§ **Problem to solve**
Write out again, word for word, the lines below from the line that holds "- Настройте параметры" through the line that holds "Россия рассчитывает на", omitting pictures.

§ **Data listing**
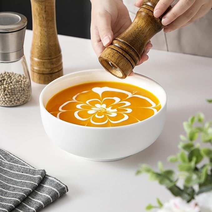 - 【Versatile Bowl Set】This set features two 44-ounce bowls, each measuring 7 inches wide and 3 inches high, ideal for serving a variety of dishes.From hearty soups to comforting oatmeal and refreshing salads, these bowls serve multiple purposes and can even be used as stylish vessels for vibrant fruits or ramen
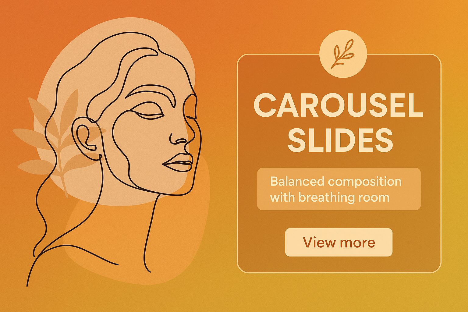 This is a promotional graphic for carousel slides featuring a minimalist line art portrait and a soft gradient background. Ideal for social media or digital presentations.
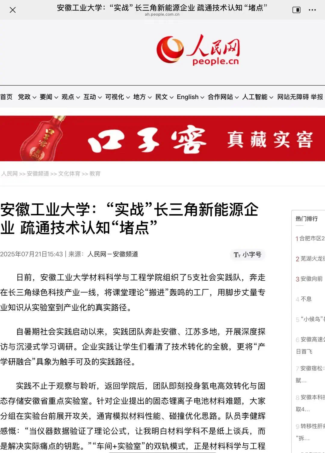日前,安徽工业大学材料科学与工程学院组织了5支社会实践队,奔走在长三角绿色科技产业一线,将课堂理论“搬进”轰鸣的工厂,用脚步丈量专业知识从实验室到产业化的真实路径。
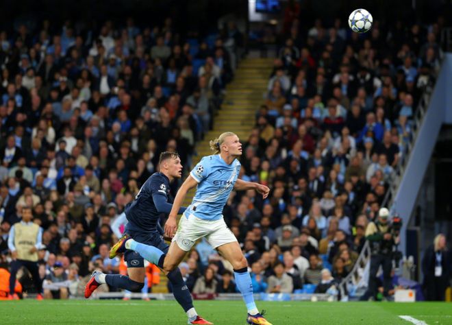 下半场易边再战。第51分钟,福登在禁区左侧低射远角,皮球稍稍偏出。第56分钟,场上的僵局终于打破了!福登送出精妙挑传,哈兰德前插,头球攻门,皮球划出一道漂亮的弧线钻入球门!哈兰德连场破门。曼城取得领先!随后,罗德里被换下,尼科-冈萨雷斯替补上场。
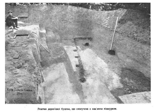 - З періоду розкопок Золотих Воріт збереглося одне цікаве архівне фото: на ньому зображено залишки дерев’яних балок від середньовічної київської брами. На наступний день після виготовлення цих фото дерев’яних залишок воріт уже не знайдуть: вночі безпритульні використали їх як дрова для вогнища.
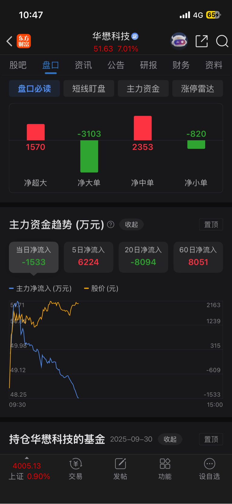 $华懋科技(SH603306)$ 主力流出这么多?
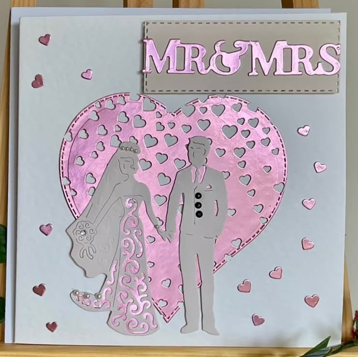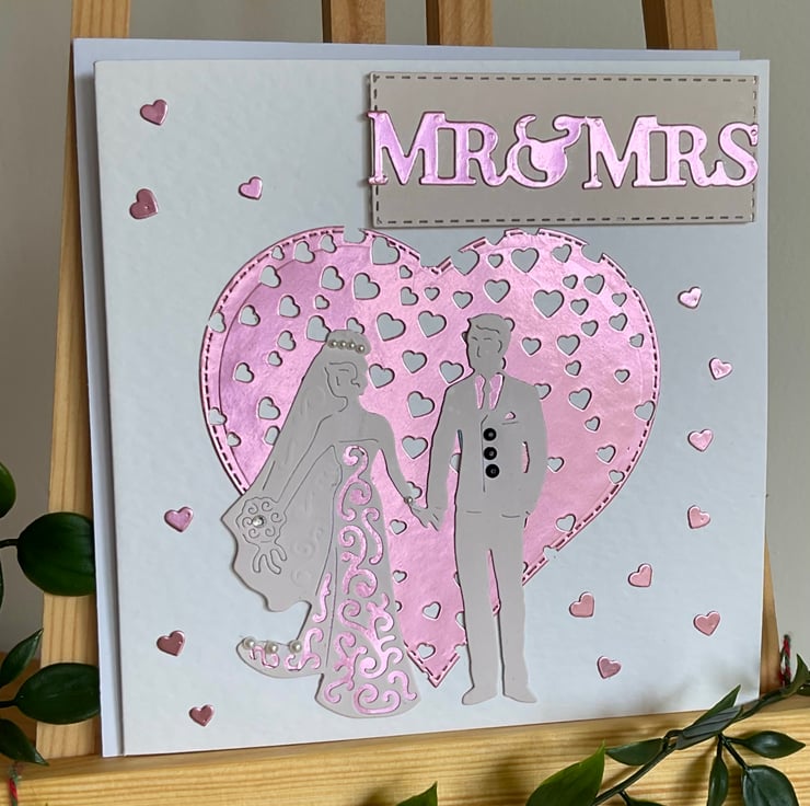 The word Mr and Mrs have been die cut from rose gold card and applied to a 3D ivory base.
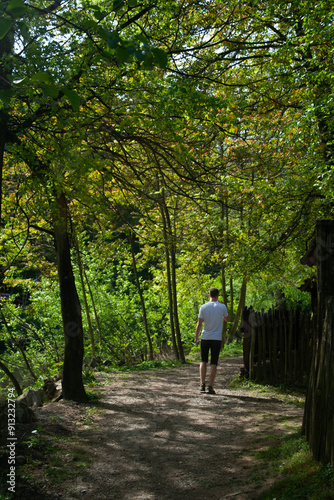 © Nikolina, Obraz premium man walking in a forest
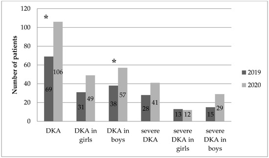 Figure 1. Number of DKA and severe DKA in children in 2019 and 2020. *—p < 0.05.
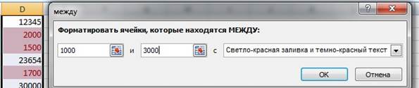 - Настройте параметры условия и выберите способ выделения, например, выделить ячейки с содержимым между 1000 и 3000:
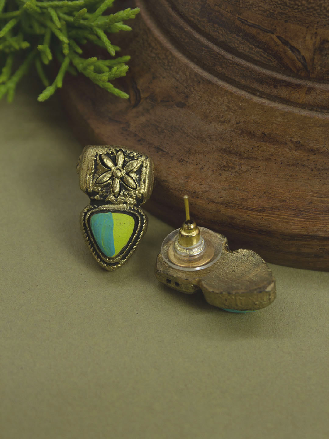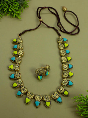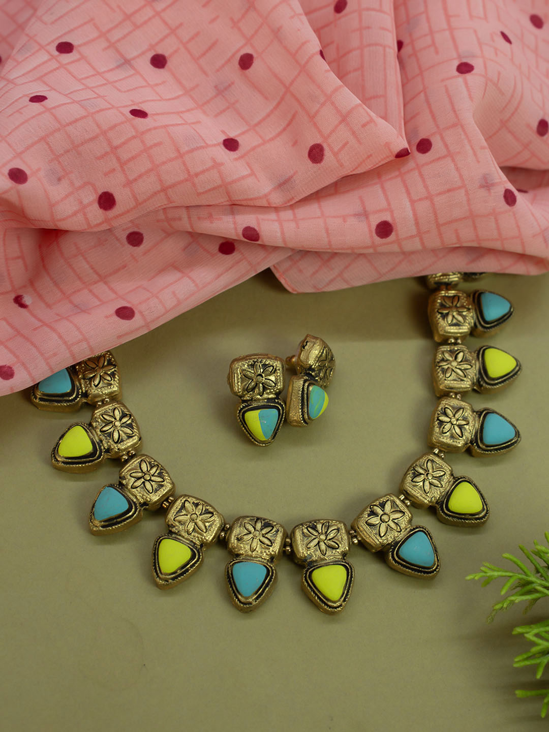 Antique Gold Leaf Green Aqua Blue Triangular Shape Minimalistic Mandala Design Handmade Terracotta Necklace Set
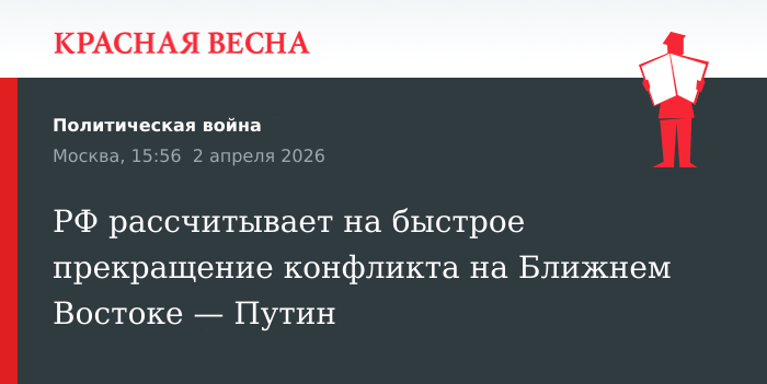 Россия рассчитывает на скорейшее завершение конфликта на Ближнем Востоке, заявил Владимир Путин 2 апреля на встрече с главой МИД Египта Бадром Абдель Аты.
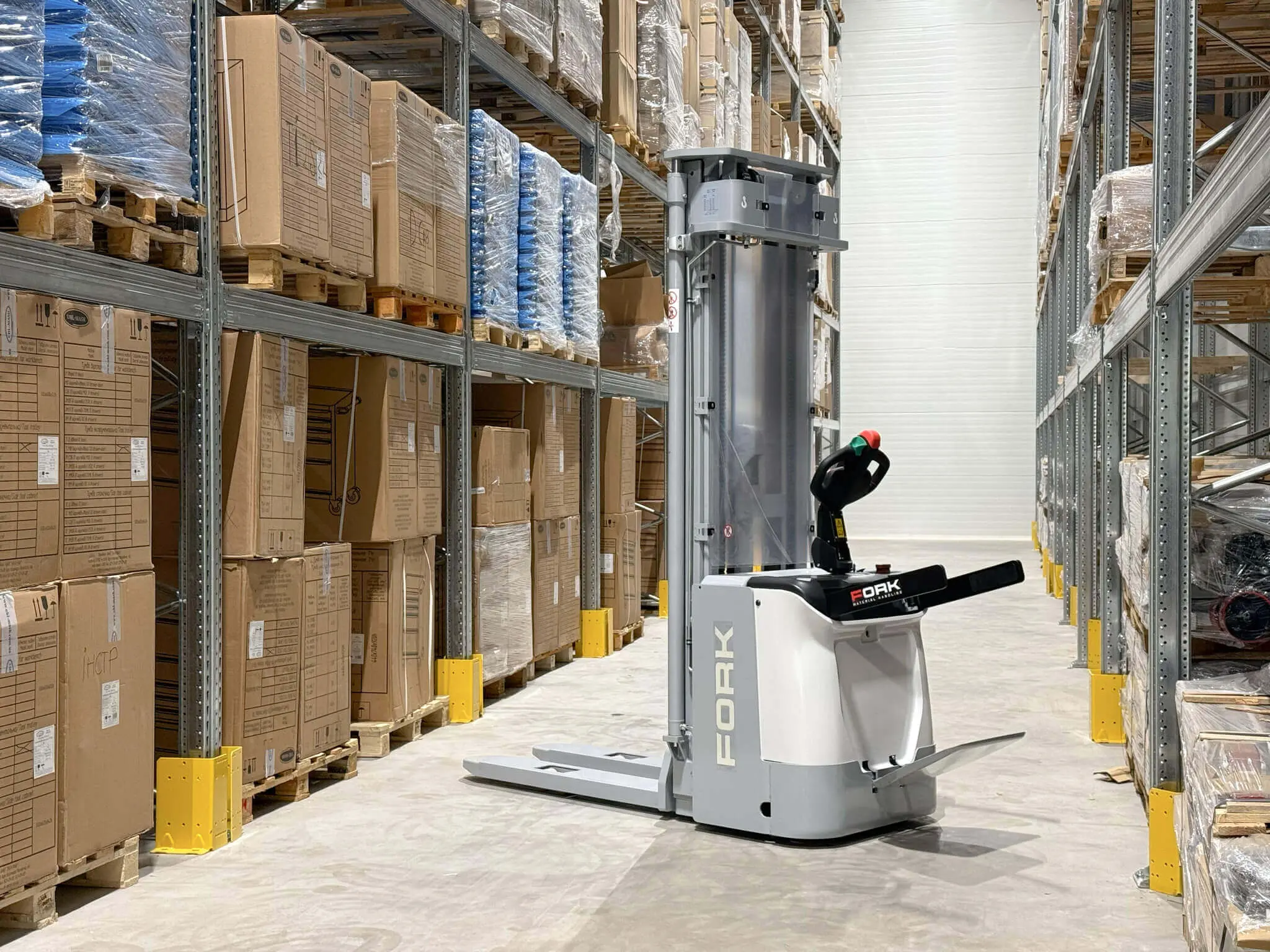 Electric stackers are designed for efficient warehouse operations where quick movement of goods and precise handling are essential. They significantly reduce operator strain, while the integrated platform allows the operator to travel with the machine, making long-distance movement in warehouses and logistics centres easier and more efficient.
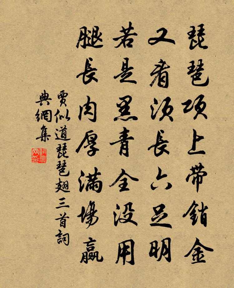 詩詞名句歷史字典書法欣賞書法字典國語詞典說文解字康熙字典古漢語字典標 題 作 者 詩 句 琵琶翅三首作者:賈似道 朝代:宋代琵琶翅三首原文琵琶項上帶銷金,又看須長六足明。若是黑青全沒用,腿長肉厚滿場贏。詩詞問答問:琵琶翅三首的作者是誰?答:賈似道問:琵琶翅三首寫於哪個朝代?答:宋代賈似道琵琶翅三首書法欣賞琵琶翅三首書法作品詩詞推薦踏莎行 題巫峽雲濤圖用王國器韻 鐵網珊瑚書蘇大年〔元代〕煙外斜陽,雲中遠岫。翠眉輕補胭脂漏。回波都是斷腸聲,斷腸更聽哀猿吼。暮雨凝愁,朝雲*酒。余懷遠寄湓江次善堂宴餞應詔司馬光〔宋代〕士論歸清德,皇心重第成。陳謨侍經席,得謝解塵纓。坐密金章並,行徐玉醴清。都門昔供帳,疏傅未為榮。施肩吾宅陳堯咨〔宋代〕幽居正想滄霞客,夜久月寒珠露滴。千年獨鶴兩三聲,飛下岩前一株柏。題江乾初雪圖戴表元〔宋代〕斷樹寒雲古岸隈,漁翁初撥小船開。看渠風雪忙如許,還有魚兒上釣來。和孔教授武仲濟南四詠 北渚亭蘇轍〔宋代〕西湖已過百花汀,未厭相攜上古城。雲放連山瞻嶽麓,雪消平野看春耕。臨風舉酒千鍾盡,步月吹笳十里聲。猶恨送李侍郎西京留台司馬光〔宋代〕先公勛烈盛監梅,清白仍聞世濟才。華省拂衣辭簿領,長衢回首謝塵埃。嵩峰排霧依稀出,洛水迎入迤邐來。寄語又口占小詩五首李壁〔宋代〕歲月翩翩比擲梭,從公能幾別離多。梁州此去千山阻,病鶴無因借一柯。贈文照大師楊億〔宋代〕讀遍龍宮七佛書,一塵無念得衣珠。金園講席天花滿,沙界禪心水月弧。擁衲夜霜凝屋瓦,閉關春雨長庭蕪。公卿三日侍華光殿曲水宴代人應詔詩 四謝朓〔南北朝〕朝陽有乾。布葉萋萋。思皇威矣。鵷羽高棲。出馳先輅。入秉介珪。瞻秦望井。建魯分奎。寧宗郊祀二十九首學士院〔宋代〕聽惟鄉德,監惟棐忱。顧諟思明,靈承思欽。永言端蒞,肅對下臨。上帝是皇,毋貳爾心。次韻孫巨源寄漣水李盛二著作並以見寄五絕蘇軾〔宋代〕南嶽諸劉豈易逢,相望無復馬牛風。山公雖見無多子,社燕何由戀塞鴻。(昔與巨源、劉貢父、劉莘老相遇于山陽念奴嬌辛棄疾〔宋代〕洞庭春晚,舊傳恐是,人間尤物。收拾瑤池傾國艷,來向朱欄一壁。透戶龍香,隔簾鶯語,料得肌如血。月妖真態言志釋文珦〔宋代〕凡物無美惡,適俗斯見收。荊玉鐵強獻,隨珠毋暗投。苟曰道不同,其可相為謀,知已盡淪喪,吾生行且休。題椿桂堂林大中〔宋代〕詩禮栽陪歲月深,流芳到此見天心。桂枝競秀椿難老,寬占堂前十畝陰。捉搦歌姚寬〔宋代〕雙蝶護花飛,老女怨春暮。撲蝶金粉銷,折花顏色故。窗中聲唧唧,雨泣至天曙。問婆許嫁女,莫要擇門戶。願得清明後一日同諸友湖上值雨韓元吉〔宋代〕出遊初不計陰晴,聊喜湖山信馬行。弱柳自隨煙際綠,幽花還傍雨邊明。嫩蒲碧水人家好,密竹疏鬆野寺清。爛醉皇華館以上巳落因修禊事題詩紀之王之望〔宋代〕泉上新台紫翠環,暮春修禊俯潺湲。漢流尚帶桃花水,雲氣初披杏子山。柳絮輕揚晴日暖,竹光不動午陰閒。時和魏宮詞二首劉禹錫〔唐代〕日晚長秋簾外報,望陵歌舞在明朝。添爐欲爇熏衣麝,憶得分時不忍燒。日映西陵松柏枝,下台相顧一相思。朝來和懶窩嚴上人紙被詩舒邦佐〔宋代〕身清不受人間辱,只倩溪翁搗冰轂。素濤照眼絕針痕,暖玉遮頭無臉粟。參寥已似絮沾泥,天女雖來暖非肉。華鯨朝中措(梅月圓)韓淲〔宋代〕為茲春酒壽時翁。我輩一尊同。香動梅梢圓月,年年先得東風。冰溪清淺流環玉,蓮幕漫從容。但願人生長久,揮名句推薦謂誰朝來不作意,狂風挽斷最長條。杜甫《絕句漫興九首·其一》 岸柳垂金線,雨晴鶯百囀。顧敻《醉公子·岸柳垂金線》 不系雕鞍門前柳,玉容寂寞見花羞,冷風兒吹雨黃昏後。喬吉《春閨怨·不系雕鞍門前柳》 柳花深巷午雞聲,桑葉尖新綠未成。范成大《春日田園雜興》 不患無位,患所以立;不患莫已知,求為可知也。孔子弟子《論語·里仁篇》 有大略者,不可責以捷巧;有小智者,不可任以大功。劉安及其門客《淮南子·主術訓》 慨當初,倚飛何重,後來何酷。文徵明《滿江紅·拂拭殘碑》 相思已是不曾閒,又那得、工夫咒你。蜀妓《鵲橋仙·說盟說誓》 平林漠漠煙如織,寒山一帶傷心碧。李白《菩薩蠻·平林漠漠煙如織》 涼葉蕭蕭散雨聲,虛堂淅淅掩霜清。元好問《秋懷》
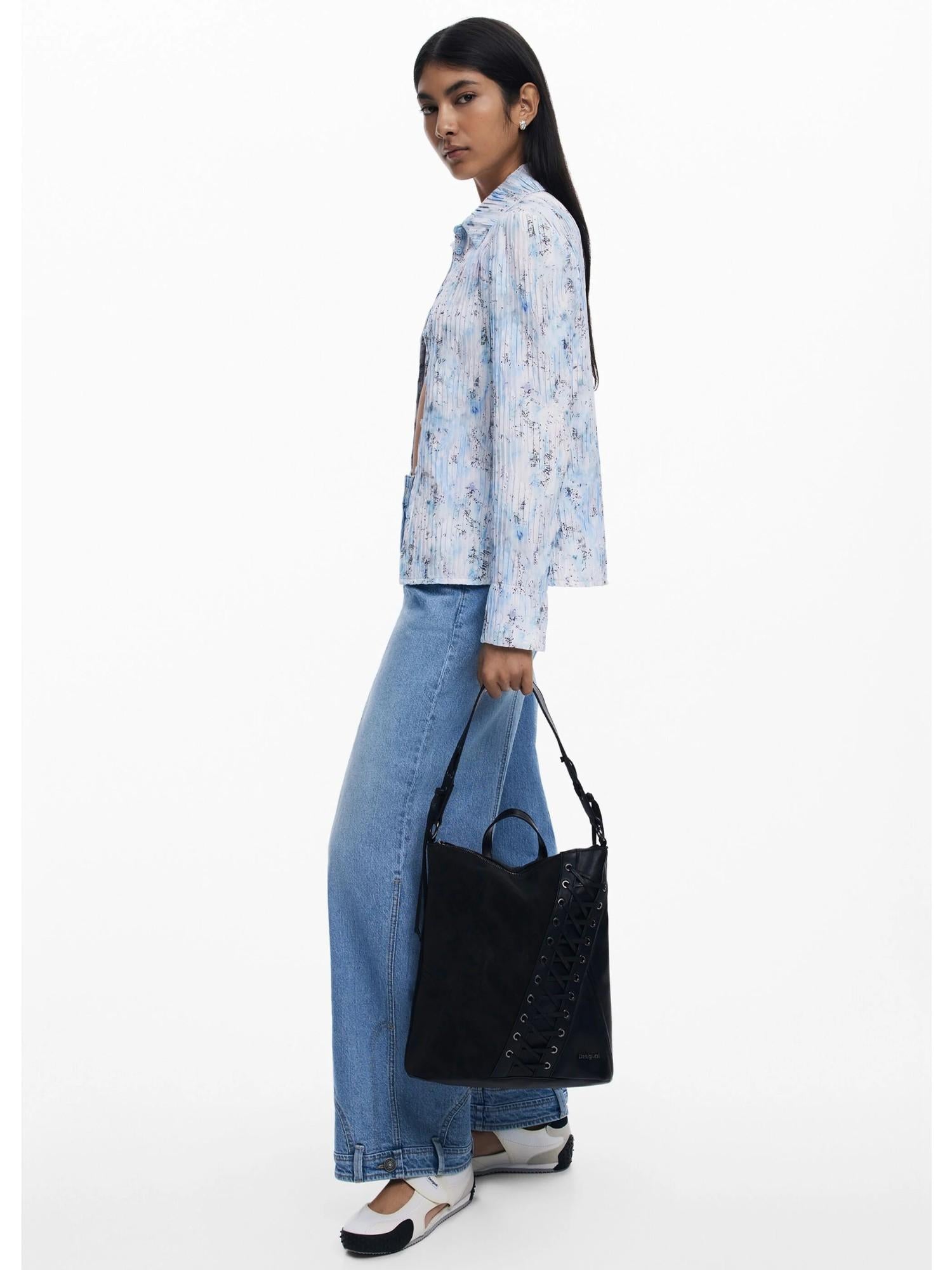 Small faux leather backpack with a woven corset-style detail on the front and a removable handle for carrying as a handbag. Braided detail. Metal eyelet details. External back pocket. Zipper closure. Internal zippered pocket. Removable handbag-style handle. Corset-style. Internal compartment. Leather effect. Designed in Barcelona. Dimensions: 30 x 10 x 30 cm. External composition: 100% POLYURETHANE. Internal composition: 100% POLYESTER. Trimming fabric material: 100% POLYURETHANE.

§ **Answer section**
 - Настройте параметры условия и выберите способ выделения, например, выделить ячейки с содержимым между 1000 и 3000:
 Antique Gold Leaf Green Aqua Blue Triangular Shape Minimalistic Mandala Design Handmade Terracotta Necklace Set
 Россия рассчитывает на скорейшее завершение конфликта на Ближнем Востоке, заявил Владимир Путин 2 апреля на встрече с главой МИД Египта Бадром Абдель Аты.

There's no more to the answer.